Why We get Butterflies In Our Stomachs

What are the types of butterflies that we get in our stomachs? I get that butterfly feeling when I'm feeling nervous or excited about something, and I can feel that surge of adrenalin. Sometimes it feels positive, but I've read that it can be really stressful to your body and health in general. It's like being in the "fight or flight" mode. Below is what I found about butterfly-in-the-stomach state.
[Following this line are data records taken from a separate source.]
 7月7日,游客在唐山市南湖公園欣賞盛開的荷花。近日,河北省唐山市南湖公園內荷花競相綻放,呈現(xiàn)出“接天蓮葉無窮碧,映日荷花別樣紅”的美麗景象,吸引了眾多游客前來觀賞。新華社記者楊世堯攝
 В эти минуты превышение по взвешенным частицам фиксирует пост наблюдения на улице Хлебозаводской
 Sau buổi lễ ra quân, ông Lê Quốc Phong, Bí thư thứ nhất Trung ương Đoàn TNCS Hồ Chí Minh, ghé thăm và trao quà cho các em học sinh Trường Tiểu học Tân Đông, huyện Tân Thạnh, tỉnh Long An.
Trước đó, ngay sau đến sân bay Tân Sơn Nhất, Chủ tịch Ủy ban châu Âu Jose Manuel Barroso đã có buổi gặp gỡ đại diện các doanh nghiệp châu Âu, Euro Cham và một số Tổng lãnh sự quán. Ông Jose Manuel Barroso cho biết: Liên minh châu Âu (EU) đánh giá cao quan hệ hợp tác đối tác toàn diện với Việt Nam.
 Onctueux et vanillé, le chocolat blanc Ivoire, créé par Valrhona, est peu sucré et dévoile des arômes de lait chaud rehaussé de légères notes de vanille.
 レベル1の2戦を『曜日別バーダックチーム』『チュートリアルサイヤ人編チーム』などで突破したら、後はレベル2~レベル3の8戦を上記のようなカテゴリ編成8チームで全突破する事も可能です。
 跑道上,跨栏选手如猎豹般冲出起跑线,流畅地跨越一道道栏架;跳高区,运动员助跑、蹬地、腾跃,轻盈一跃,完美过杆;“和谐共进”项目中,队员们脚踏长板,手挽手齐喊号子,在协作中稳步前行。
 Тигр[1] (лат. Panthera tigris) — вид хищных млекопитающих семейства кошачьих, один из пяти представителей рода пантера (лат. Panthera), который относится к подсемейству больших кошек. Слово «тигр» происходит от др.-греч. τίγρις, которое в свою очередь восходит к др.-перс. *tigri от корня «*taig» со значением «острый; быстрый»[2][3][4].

What's the Medical Explanation?

When you get nervous or scared, your body gives you a shot of energy in the form of a naturally derived hormone (epinephrine = adrenaline) which is secreted from the adrenal glands. This process is a part of the sympathetic nervous system that all mammals . In situations of high stress, epinephrine is secreted in order to help the individual cope with the stress; physiologically, it allows the individual to increase his/her heart rate, which in turn, increases the rate of glycogenalysis, creating more energy and allowing the individual to run faster, jump higher, and perform better. In other words, it has to do with an automatic reaction of neurotransmitters that manifests in your stomach. The increase in heart rate, due to the stressful situation, is also commonly known as "nervousness". This nervousness can manifests into many symptoms including the "butterfly" feeling in the stomach. The related biological term is called "fight or flight", which is what you do to make the stressful situation go away....you either deal with it (fight) or get away from it (flight).

Panic Attack Symptom

At times, it can start with a mere butterfly inside the stomach. As you watch the clock strike each second, the butterfly seems to flutter faster, more intense, making you feel uncomfortable. Then, you begin to feel difficulty in breathing, palpitations, and profuse sweating. This is the usual combination an individual experiences during a panic attack. This episode is triggered by different events, most of which are situations that make a person feel nervous. Say, a job interview, speech in front of a crowd or merely anticipating for the next panic attack. There is no specific event that pushes this episode to surface. The only thing science knows is its connection to nerve-wracking incidents which can vary from one person to another.